Where Pith is reading between the lines
- The method may scale to documents longer than those tested if the early-interaction compression remains effective.
- Similar early-interaction designs could be tested in non-ranking multimodal generation pipelines to reduce token counts.
- If the distilled supervision generalizes, the approach offers a template for distilling efficiency into other vision-language ranking models.
Load-bearing premise
That the early interaction and single-pass scoring, after training that begins with rendered text images, continue to preserve ranking quality on actual long multimodal documents.
What would settle it
Compare ZipRerank against a standard VLM-based listwise reranker on the same MMDocIR queries; if NDCG or similar ranking metrics drop by more than a few points while claimed latency gains hold, the efficiency claim is refuted.
Figures
read the original abstract
Listwise reranking is a key yet computationally expensive component in vision-centric retrieval and multimodal retrieval-augmented generation (M-RAG) over long documents. While recent VLM-based rerankers achieve strong accuracy, their practicality is often limited by long visual-token sequences and multi-step autoregressive decoding. We propose ZipRerank, a highly efficient listwise multimodal reranker that directly addresses both bottlenecks. It reduces input length via a lightweight query-image early interaction mechanism and eliminates autoregressive decoding by scoring all candidates in a single forward pass. To enable effective learning, ZipRerank adopts a two-stage training strategy: (i) listwise pretraining on large-scale text data rendered as images, and (ii) multimodal finetuning with VLM-teacher-distilled soft-ranking supervision. Extensive experiments on the MMDocIR benchmark show that ZipRerank matches or surpasses state-of-the-art multimodal rerankers while reducing LLM inference latency by up to an order of magnitude, making it well-suited for latency-sensitive real-world systems. The code is available at https://github.com/dukesun99/ZipRerank.
Editorial analysis
A structured set of objections, weighed in public.
Referee Report
Summary. The manuscript proposes ZipRerank, a listwise multimodal reranker for long documents that shortens visual input via a lightweight query-image early interaction mechanism and eliminates autoregressive decoding by scoring all candidates in one forward pass. It uses a two-stage training process consisting of listwise pretraining on large-scale text rendered as images followed by finetuning with soft-ranking labels distilled from a VLM teacher. On the MMDocIR benchmark, ZipRerank is reported to match or exceed state-of-the-art multimodal rerankers while cutting LLM inference latency by up to an order of magnitude.
Significance. If the empirical claims hold under scrutiny, the work is significant for practical vision-centric retrieval and M-RAG pipelines, where listwise reranking over long multimodal documents has been limited by high latency. The open-sourced code at the provided GitHub link strengthens reproducibility and potential adoption.
major comments (2)
- [Abstract and §3] Abstract and §3 (two-stage training): the claim that listwise pretraining on rendered text images followed by VLM-distilled finetuning preserves ranking quality on real long multimodal documents is load-bearing for the MMDocIR results, yet no ablations are described that test transfer to documents containing non-textual visuals (charts, photos, complex layouts) absent from the rendered-text pretraining data.

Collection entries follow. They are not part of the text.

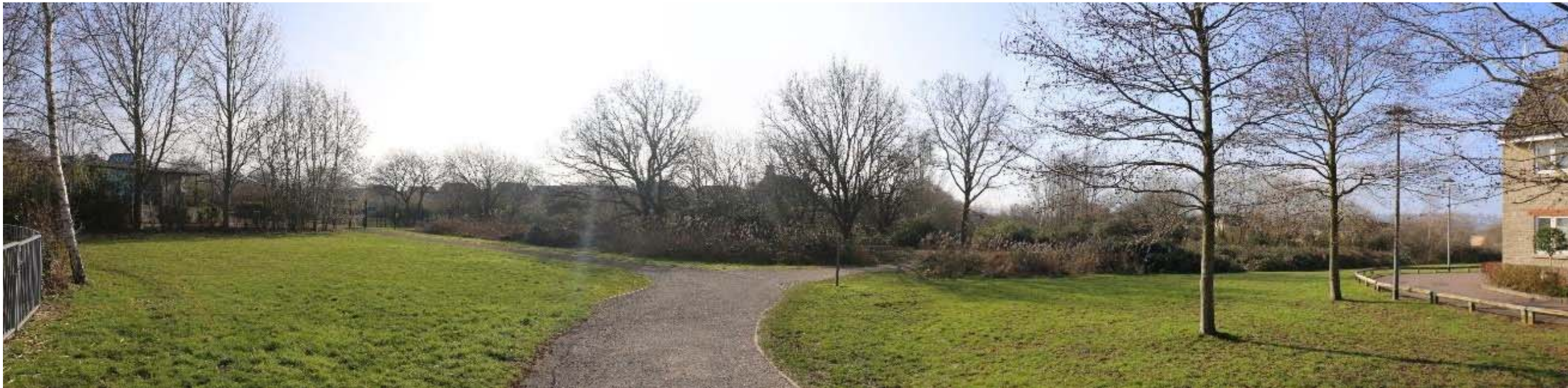
Figure 18: Existing photograph
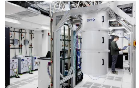
IBM Quantum Computer
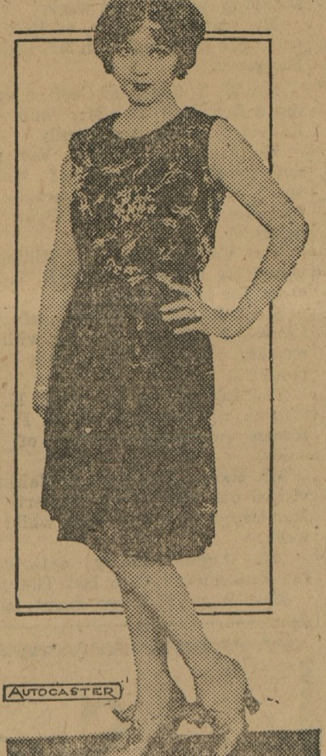
A most appropriate frock for the holiday festivities. Fashioned along decidedly feminine lines of velvet and georgette, and gaily embroidered in white. The skirt, which is flared, has three tiers of black velvet. The round neck is smartly finished with a fold of black velvet.

parent and silk chiffon velvets are extremely popular. These are usually simply made with a slight flare and deep decollete neckline as the outstanding feature. Exquisitely beaded crepes, reminding one of precious jewels as they scintillate in the brilliant lights on the dance floor, are also very smart and popular. Satins, laces and metal brocades are all very intriguing, too, especially when fashioned in the new flare effects. The evening gown is not complete without the consideration of an accompanying pair of slippers. Each individual gown needs a distinct type of slipper. Gold and silver kidskin lead the evening footwear mode, for they are both chic and practical. Often a gold slipper will be smartly trimmed in silver kid or vice versa. Sometimes the two are woven in a checked effect. Brocades and colored satins are also worn. But the gem of all is a dainty model in gold kidskin with artistic blue forget-me-nots embossed upon the vamps and bordering the side.

- [Experiments] Experiments section: aggregate benchmark results are presented without reported statistical significance tests, exact train/validation/test splits for MMDocIR, or implementation details of the early-interaction module and single-pass scorer, which are required to substantiate the latency gains and performance parity with SOTA rerankers.
minor comments (1)
- The abstract states that code is available at https://github.com/dukesun99/ZipRerank; confirming that the repository includes the exact training scripts and model checkpoints used for the reported numbers would aid verification.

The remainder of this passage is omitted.